[Stored items from a collection]
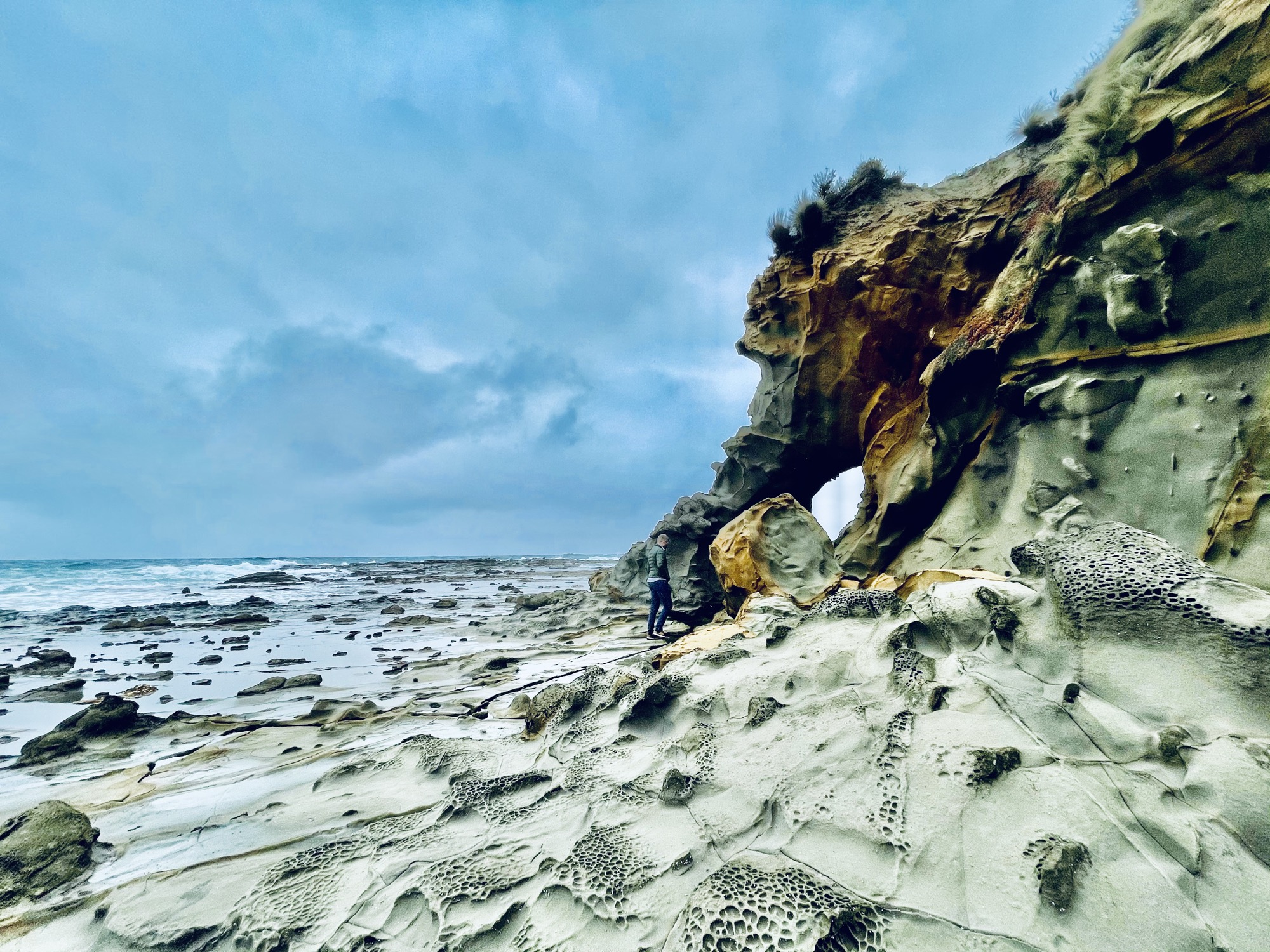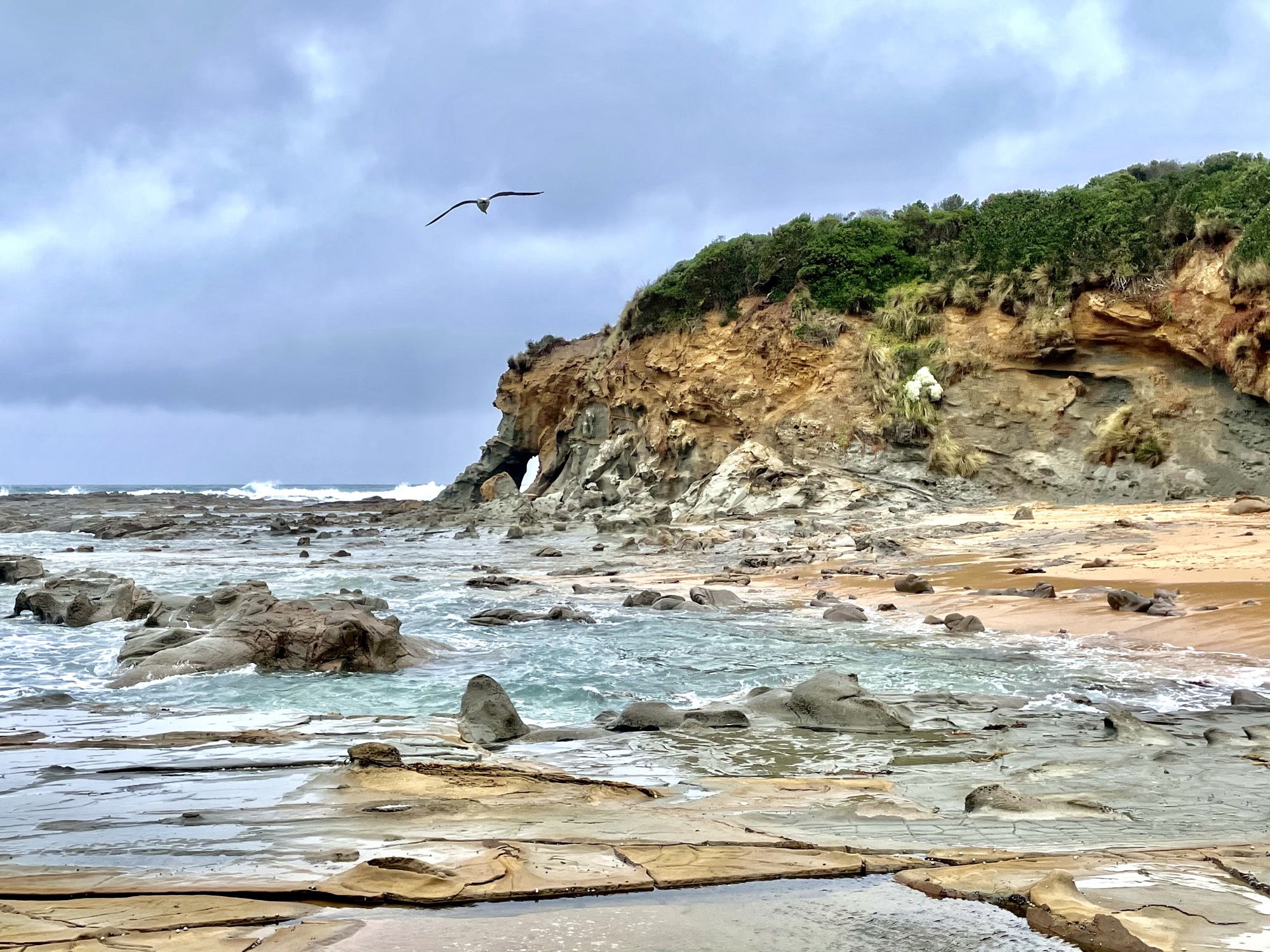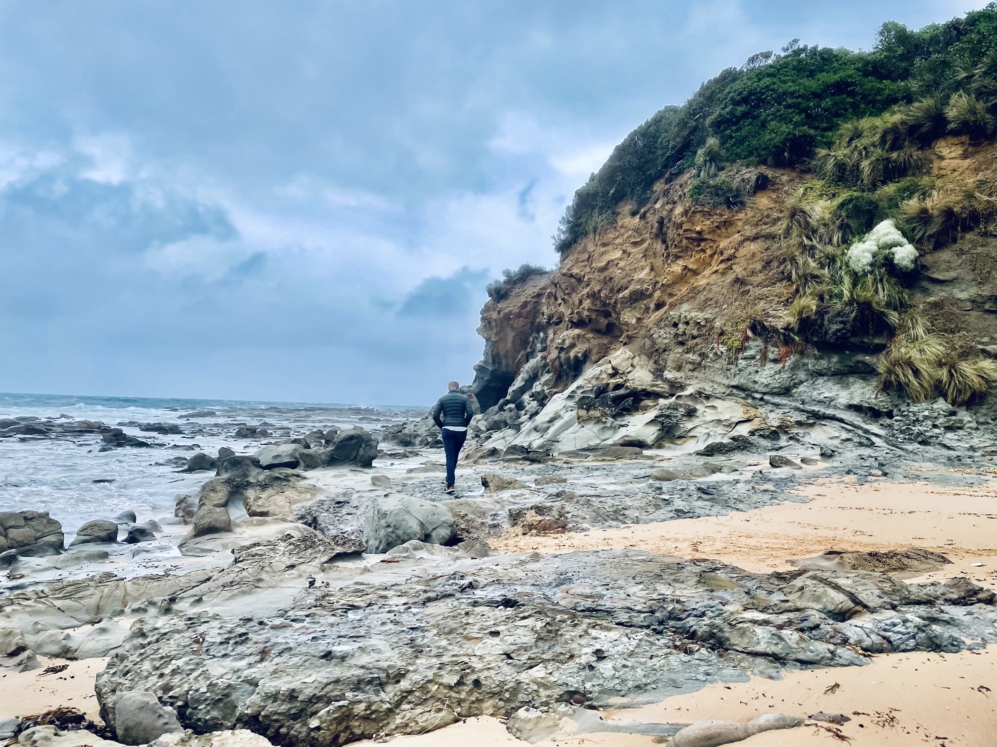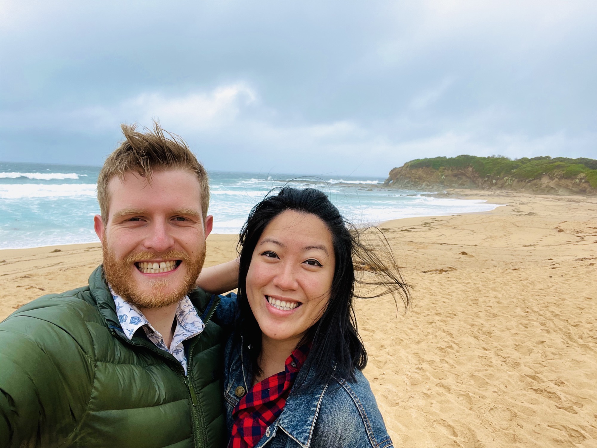 Toby came here a couple times when he was young and he wanted to do a quick stopover on our way to Wilson’s Promontory. We almost didn’t stop because the weather wasn’t the greatest, but I’m so glad we did! At first glance it was like any other beach, but then we came upon these really cool rock formations by the water. It made a pretty good photo-op especially with the gloomy weather.
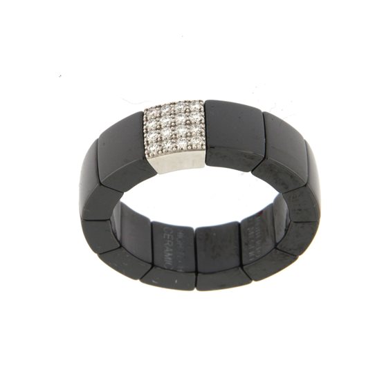 Anello estensibile in ceramica high tech nera lucida, collezione SCACCO, con un elemento in oro bianco 750/°°° e Brillanti. L'anello è reso morbido da una duplice molla interna che permette di indossarlo comodamente ogni giorno. Tutti i gioielli Roberto Demeglio hanno una garanzia a vita contro l'usura delle molle e degli elementi in ceramica
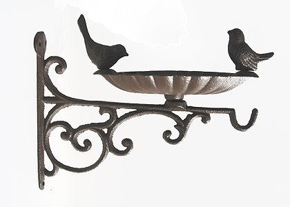 Piękne NOWE stylizowane na stare poidełko dla ptaków wykonane z żeliwa. Poidełko może służyć również jako karmnik dla ptaków, posiada również uchwyt na którym można powiesić kwiaty lub inne
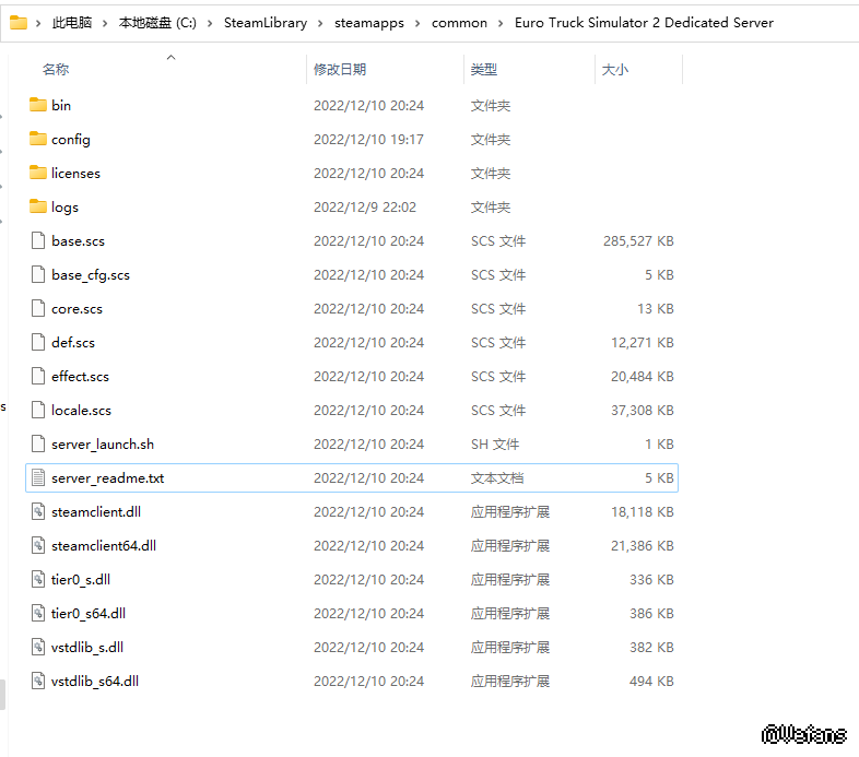 server_config.sii -包含服务器环节的描述和配置、连接端口信息、密码和主持人列表 -同时运行多个环节时,每个环节的端口和密码必须不同 -默认此文件是自动生成的
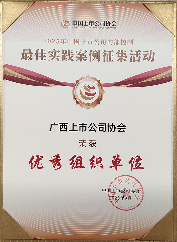 近日,中国上市公司协会(以下简称“中上协”)公布了2025年上市公司内部控制最佳实践案例征集活动评选结果。广西上市公司协会(以下简称“协会”)在活动中表现突出,荣获“优秀组织单位”称号,充分展现了协会在推动辖区上市公司内部控制建设与高质量发展方面的组织能力和服务成效。
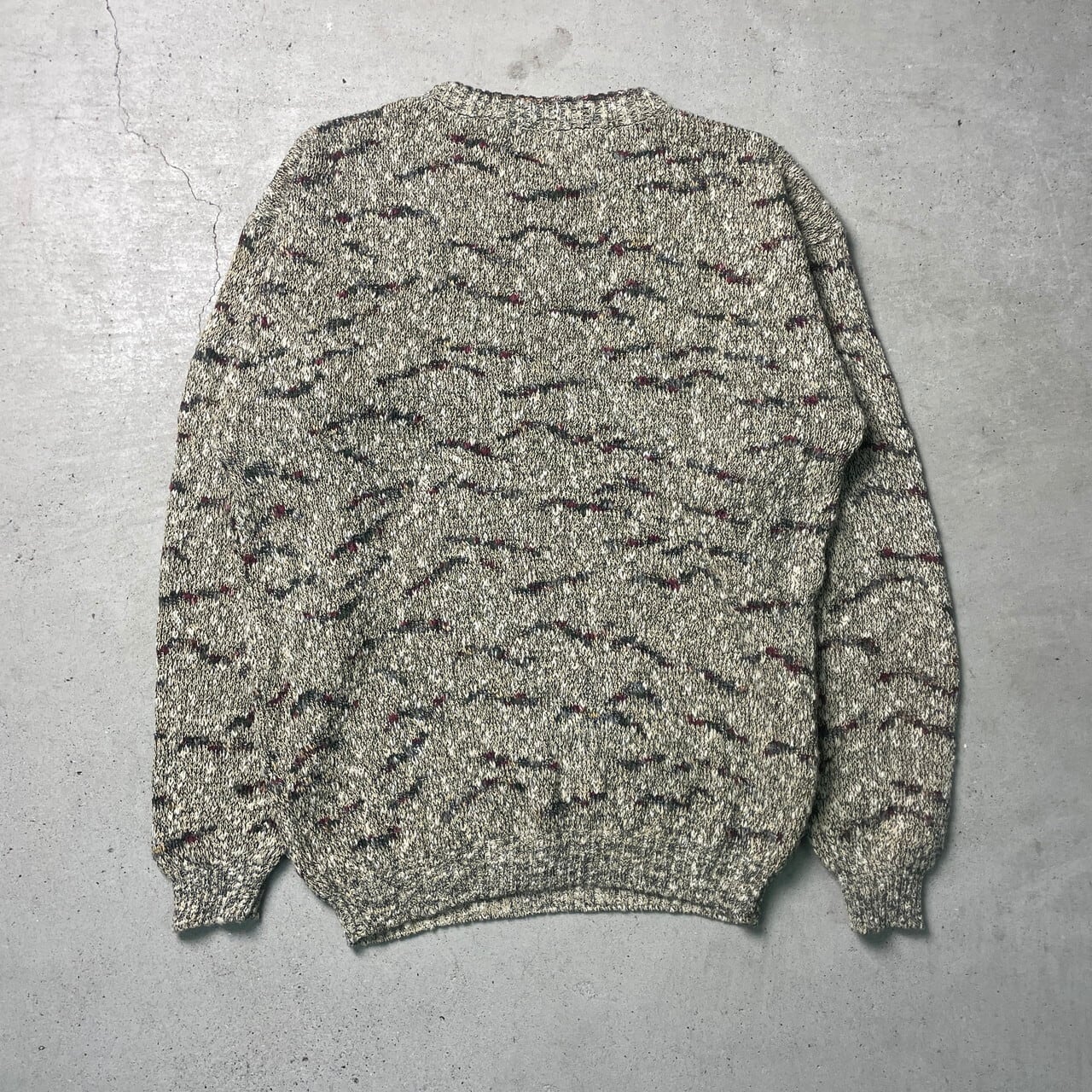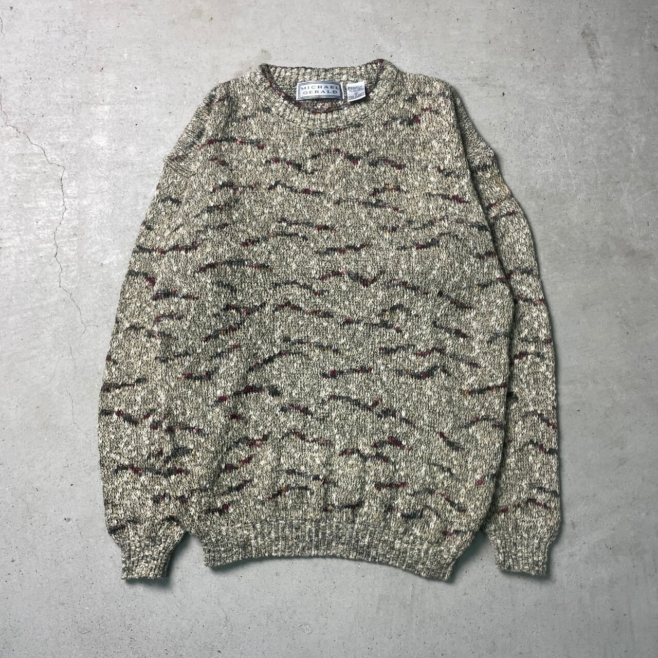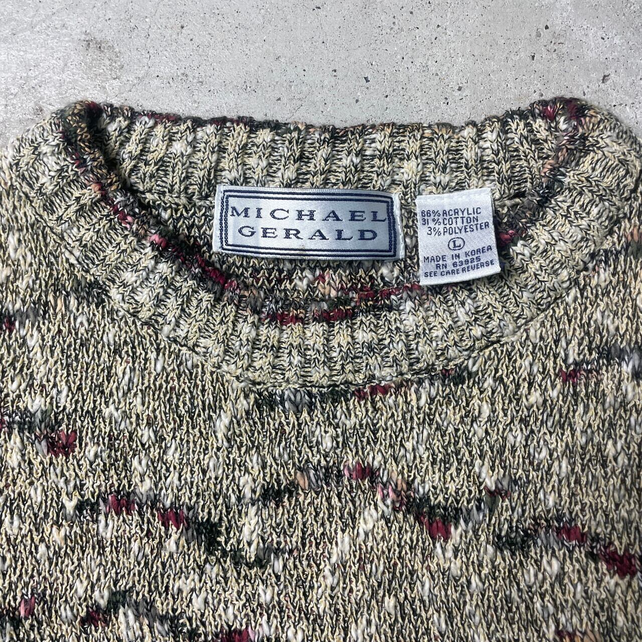 ■MICHAEL GERALD 総柄 アクリルニットセーター メンズL 古着 マルチカラー ベージュ ホワイト 白 レッド 赤 ブラック 黒 【ニットセーター】/マルチカラー

Work item:
Extract, word for word, each line from the one that contains "近日,中国上市公司协会(以下" through the final line of the data above. Leave the pictures out.

Solution to this exercise:
 近日,中国上市公司协会(以下简称“中上协”)公布了2025年上市公司内部控制最佳实践案例征集活动评选结果。广西上市公司协会(以下简称“协会”)在活动中表现突出,荣获“优秀组织单位”称号,充分展现了协会在推动辖区上市公司内部控制建设与高质量发展方面的组织能力和服务成效。
 ■MICHAEL GERALD 総柄 アクリルニットセーター メンズL 古着 マルチカラー ベージュ ホワイト 白 レッド 赤 ブラック 黒 【ニットセーター】/マルチカラー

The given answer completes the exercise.